For once the sun shone all day, so after a morning trip into town for Pete and me to get one or two remaining presents (which also involved browsing the local art shop and a very pleasant cup of coffee), Pete, Chris and I headed out to the Great Fen to do their newly opened 'Last of the Meres' trail.

This took us to places that we'd never been before including the edge of the former Whittlesey Mere, which was the largest lake in lowland Britain before it was drained in the mid nineteenth century. Interestingly you can still see traces of the lake in the thick layer of whitish marl visible on ditch sides, which were deposited by the generations of stoneworts, which had dominated the bed of this shallow, calcareous water body. There is still a shallow depression marking its former location, which was under arable cropping until a few years ago, when it was bought by the Great Fen Trust and is now being restored to damp grassland.

Further on we walked along the old course of the River Nene, and then along the Engine Drain, where we spent some time watching a pair of short-eared owls hunting over the rough grassland. Unfortunately they were quite distant, so the few photographs I took weren't that good. I've included one in the extras, just to remind me of the day. We also saw three Chinese water-deer in this area.

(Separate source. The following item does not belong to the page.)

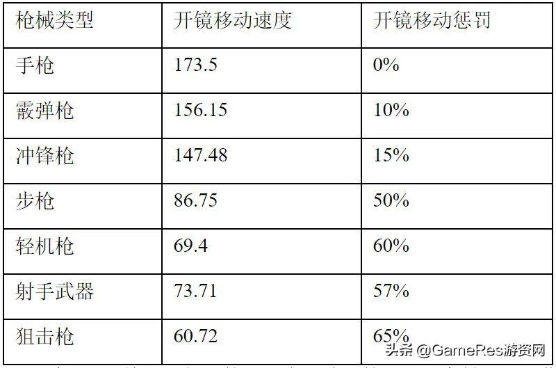 在使用不同类型的枪械时,有不同的移速惩罚,在近距离作战时移速是非常重要的属性,开镜移速慢的枪在对战开镜移速快的枪时,会被当靶子打,敌人在你面前快速移动,而你在敌人的视角里却移动的非常慢,下表是不同类型的枪械的开镜移速惩罚(角色默认持枪速度为173.5)。

The next stretch of the walk passed through arable land, where I was rather taken by these neat rows of leeks, and the huge flock of starlings that were flying in the background. Our various stops meant that it was dusk before we returned to the car, but as we were on our last approach a barn owl swooped silently over my head, before flying low over the field in search of voles - pure magic... The walk reminded me how much wildlife there is in the Great Fen, and what a pleasure it is to walk in winter, when the weather's dry and not blowing a gale!